Now my ACL definitions do not work properly, even though they worked on Squid1.1.20
Goal: 1) Control users by their Source IP address, AND
2) Prompt ALL users for Proxy Password, AND
3) restrict access for generic users during the day.
Squid2.2.Stable3 acls and rules:
#
# Same as Squid1.1.20, but recompiled for Squid2.2.Stable3
#
authenticate_program /usr/local/squid/bin/ncsa_auth /usr/local/squid/etc/Passwd
#
log_fqdn on
#
# Above statements are at proper locations in the file..
#
acl all src 0.0.0.0/0.0.0.0
acl timerange time 06:00-20:30
acl password proxy_auth REQUIRED
acl bigboss src 15.128.8.200/0.0.0.0
acl workbees src 15.128.8.240 15.128.8.241 15.128.8.242
#
# New for Squid2.2.Stable3
#
http_access allow password
http_access allow bigboss
http_access allow localhost
# Allow access to all other Users based on their IP address and current time
http_access allow timerange
#
http_access allow workbees
http_access deny all
#
# New for Squid2.2.Stable3
#
ident_lookup_access allow workbees
ident_lookup_access deny all
I had basically similar set-up in Squid1.1.20, ofcourse there was no 'acl' for proxy_auth.
Problem:
Squid1.1.20 did exactly according to my goals.

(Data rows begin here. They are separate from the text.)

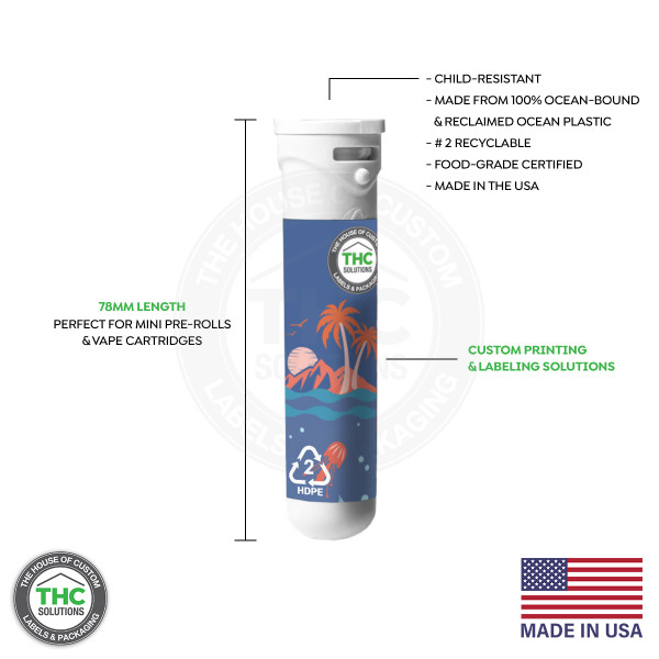 These reclaimed ocean plastic pre-roll tubes are fully customizable. Make your brand stand out with your custom label design or custom tamper evident labels for your pre-roll tubes to help create a clean and sleek look
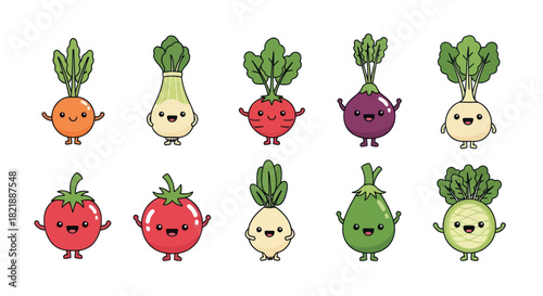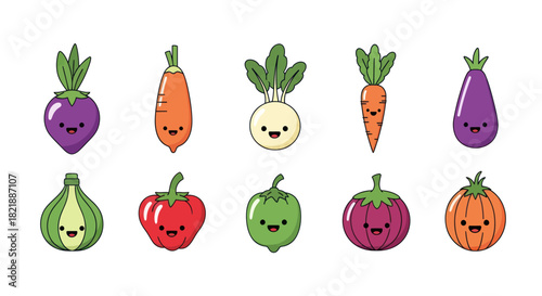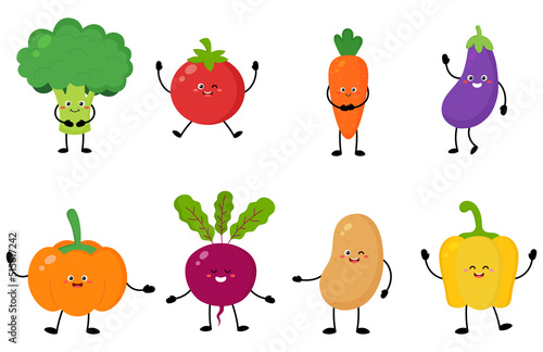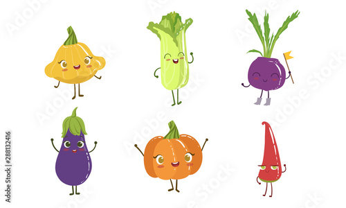 Roztomilá a zábavná zeleninová znaková sada, ploché vektorové ilustrace. Šťastný kreslený kohlrabi, brokolice, kukuřice, cibule, mrkev, rajče, okurka, dýně, česnek, červená paprika s tvářemi. Zdravé jídlo.
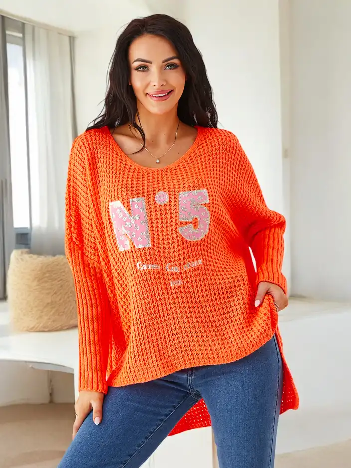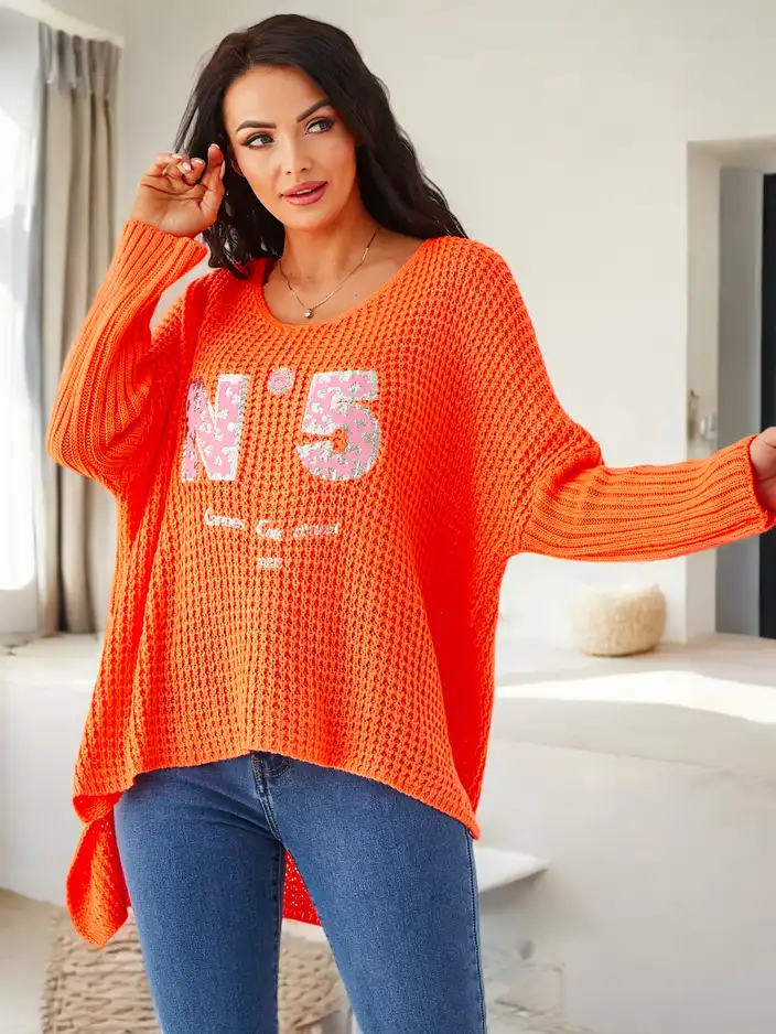 • Sieviešu akrila džemperis ar rakstiem ir stilīgs un ērts risinājums vēsākām dienām. Mīkstā adīta materiāla nodrošina siltumu, savukārt stilīgie raksti piešķir raksturu un mūsdienīgu izskatu. Ideāli piemērots ikdienas apģērbam, apvienojot komfortu ar moder
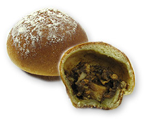きのこのカレー \200 見た目も「きのこ」を模した、可愛らしいカレーパン。薄めの柔らかな生地には、肉の味がギュッと詰まったカレーが。甘みとスパイシーさが共存し、こぶりながら食べ応えがあります。 |
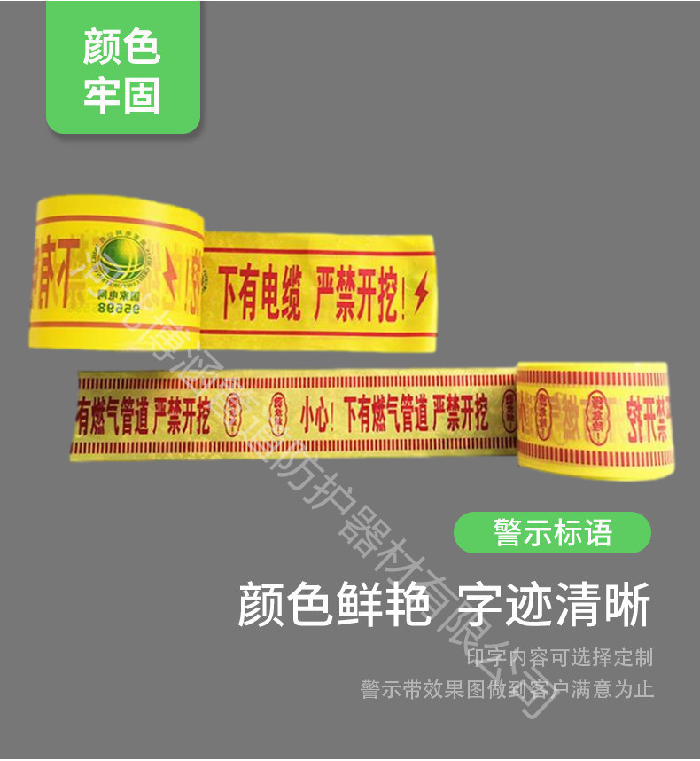 产品描述:警示带是以塑料薄膜为基材,具有良好的绝缘、耐寒、耐电压、耐酸碱、耐溶剂等特性。它耐磨、耐腐蚀、耐油性佳,用于地面警告区域标示,颜色有红、黄、蓝、绿、白、黑、黄与黑、绿与白、红与白供参考,适应不同的需求。ID地埋电子标签
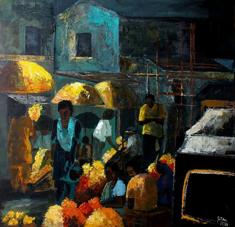 Phool Mandai (Flower Market) depicts a scene from the markets of Pune. Late evening, people are buying flowers because it is the festive time. The yellow of the marigolds shines even as the light goes down. The auto waits as its passenger buys some flowers for the next day. Men and women selling the...

Squid2.2 asks for password but does NOT verify workbees source IP addresses!
ident_lookup_access does not seem to work. It seems that as soon as my password
is checked I am allowed access, regardless of my IP address. If I change the order of http-access list then my IP address is checked(as expected) but no password prompt.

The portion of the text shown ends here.